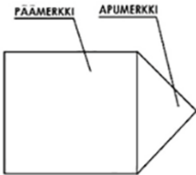
Figure 34a. Auxiliary sign showing the direction where the main sign applies

The auxiliary sign shows the direction where the main sign applies. The sign is a right-angle triangle and its right angle indicates the direction where the main sign applies (Figure 34a). The hypotenuse of the triangle is of the height of the main sign and it is placed immediately next to the main sign.
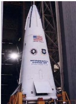
The Delta Clipper

Blue Road Research is working to integrate our sensors with complete interrogation systems for both on-the-ground periodic structural integrity monitoring as well as airborne dynamic structural performance monitoring. Applications include advanced high-performance multiple use vehicles (such as the UCAV pictured above) and existing vehicles such as commercial aircraft, military aircraft, and composite missile bodies.
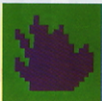
MAGENTA FIRE PARTICLE
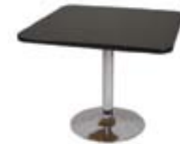
CT305 SQUARE CAFE TABLE Black, White 36"Sq.x30"H
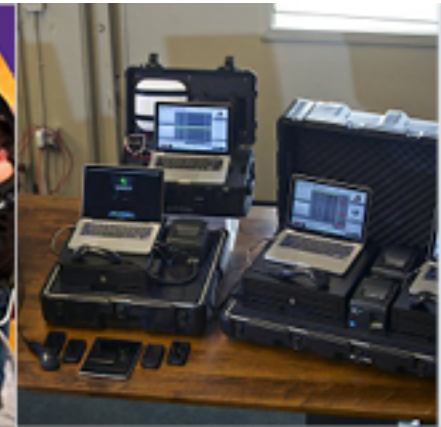
START UP ShopBox
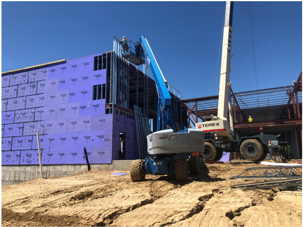
Figure 31 – South Elevation of Central Building Portion
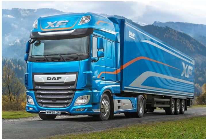
Predict battery life by assessing capacity
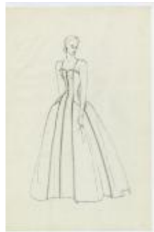
Evening Dress with Buttoned Bodice and Narrow Trim (KA0067_000306)

Problem: Where does the word "sign" show up in the material? Copy out each line that has it.

Solved exercise:
Figure 34a. Auxiliary sign showing the direction where the main sign applies
The auxiliary sign shows the direction where the main sign applies. The sign is a right-angle triangle and its right angle indicates the direction where the main sign applies (Figure 34a). The hypotenuse of the triangle is of the height of the main sign and it is placed immediately next to the main sign.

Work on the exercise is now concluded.